• _Assignment_:
Skip the pictures and repeat each line of the data exactly.

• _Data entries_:
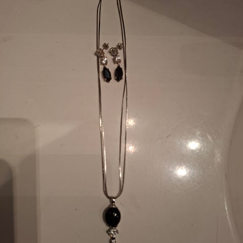 Selger her smykker, sølvfargede med svarte stener, for kr 200,-. Kjedet er nytt og stemplet 925, 44cm, men på de to anheng og øredobber finner jeg ikke stempler. Dog er disse svært pene, og jeg har ikke funnet bruksslitasje, men dog, altså brukt, så noe slitasje må kanskje regnes med. Jeg har valgt typen sølvkjede fordi det er så pent til, synes jeg da.
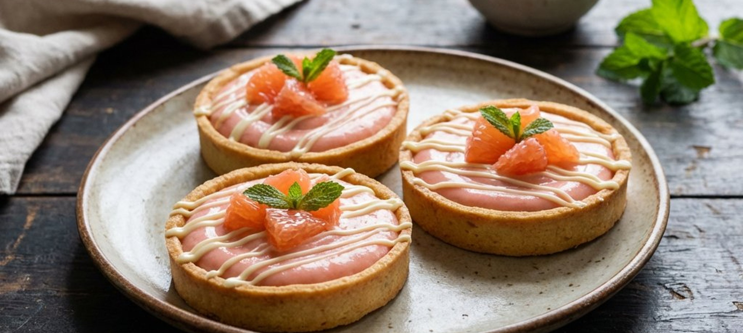 - 1Zuerst die Grapefruit-Creme auf den Boden der Tartelettes streichen. Dann die Grapefruit-Ganache bis zum Rand der Tartelettes eingießen.
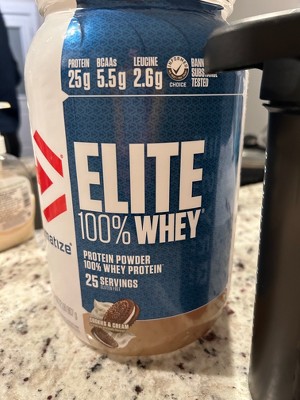 - Dymatize Elite 100% Whey is a scientifically formulated blend of whey protein concentrate, whey protein isolate and whey peptides. Each fast-digesting and absorbing serving has 25 grams of high-quality whey protein to support muscle growth and recovery goals after workouts or between meals. It’s easy-to-mix and delicious, making it ideal for use in baking and cooking.
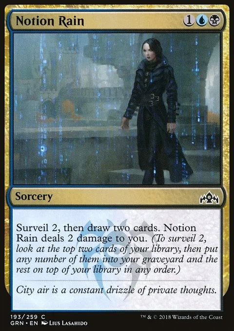 Surveil 2, then draw two cards. Notion Rain deals 2 damage to you. (To surveil 2, look at the top two cards of your library, then put any number of them into your graveyard and the rest on top of your library in any order.)
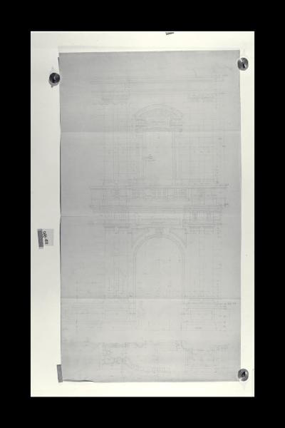 Particolare della porta d'ingresso e della finestra soprastante nel prospetto verso piazza Scala nella sede di Milano della Banca Commerciale Italiana. Particolare della porta d'ingresso e della finestra soprastante nel prospetto verso piazza Scala nella sede di Milano della Banca Commerciale Italiana
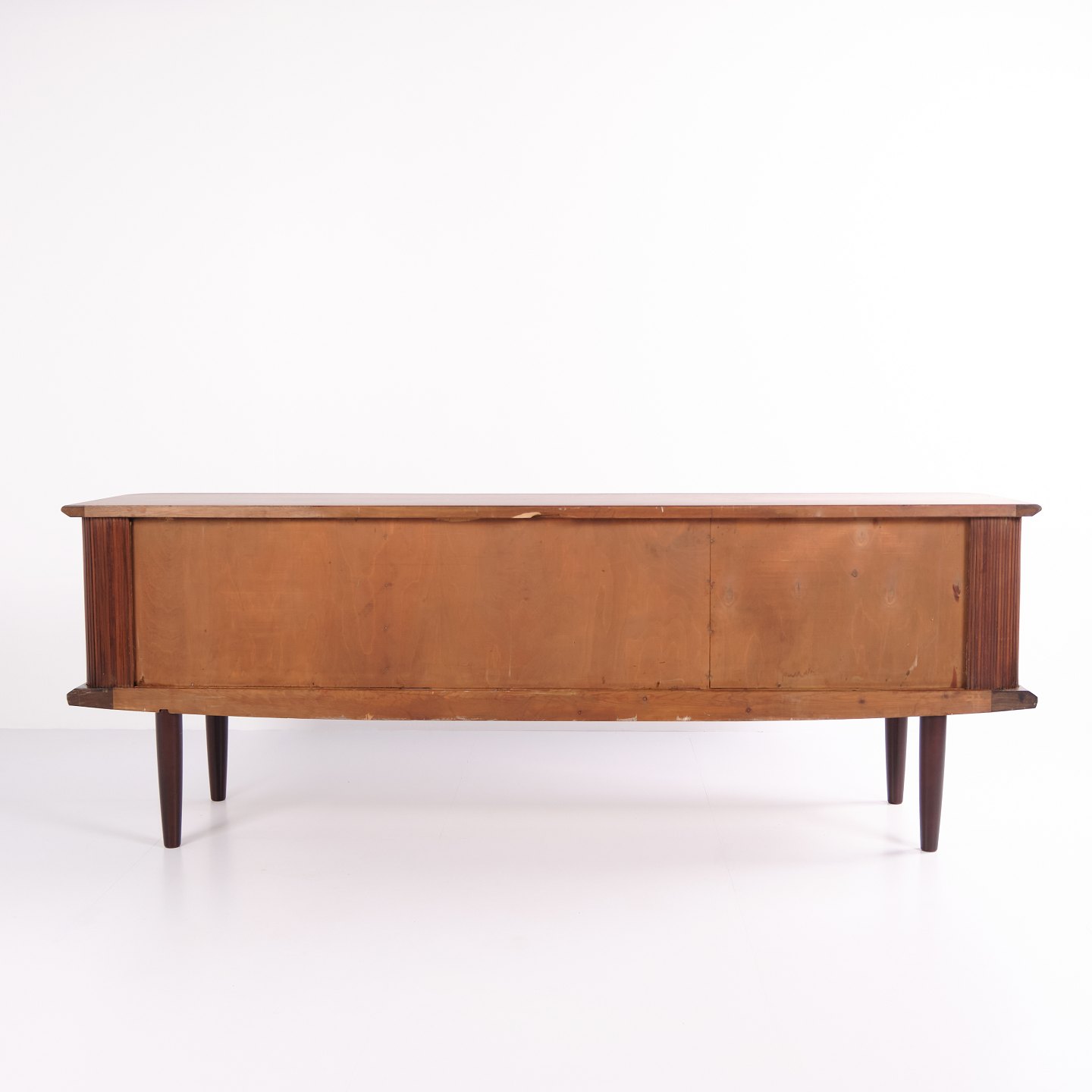 Sideboard from the 1960s, made of teak with three central drawers and louvered doors on the sides.

• _Exercise answer_:
 Selger her smykker, sølvfargede med svarte stener, for kr 200,-. Kjedet er nytt og stemplet 925, 44cm, men på de to anheng og øredobber finner jeg ikke stempler. Dog er disse svært pene, og jeg har ikke funnet bruksslitasje, men dog, altså brukt, så noe slitasje må kanskje regnes med. Jeg har valgt typen sølvkjede fordi det er så pent til, synes jeg da.
 - 1Zuerst die Grapefruit-Creme auf den Boden der Tartelettes streichen. Dann die Grapefruit-Ganache bis zum Rand der Tartelettes eingießen.
 - Dymatize Elite 100% Whey is a scientifically formulated blend of whey protein concentrate, whey protein isolate and whey peptides. Each fast-digesting and absorbing serving has 25 grams of high-quality whey protein to support muscle growth and recovery goals after workouts or between meals. It’s easy-to-mix and delicious, making it ideal for use in baking and cooking.
 Surveil 2, then draw two cards. Notion Rain deals 2 damage to you. (To surveil 2, look at the top two cards of your library, then put any number of them into your graveyard and the rest on top of your library in any order.)
 Particolare della porta d'ingresso e della finestra soprastante nel prospetto verso piazza Scala nella sede di Milano della Banca Commerciale Italiana. Particolare della porta d'ingresso e della finestra soprastante nel prospetto verso piazza Scala nella sede di Milano della Banca Commerciale Italiana
 Sideboard from the 1960s, made of teak with three central drawers and louvered doors on the sides.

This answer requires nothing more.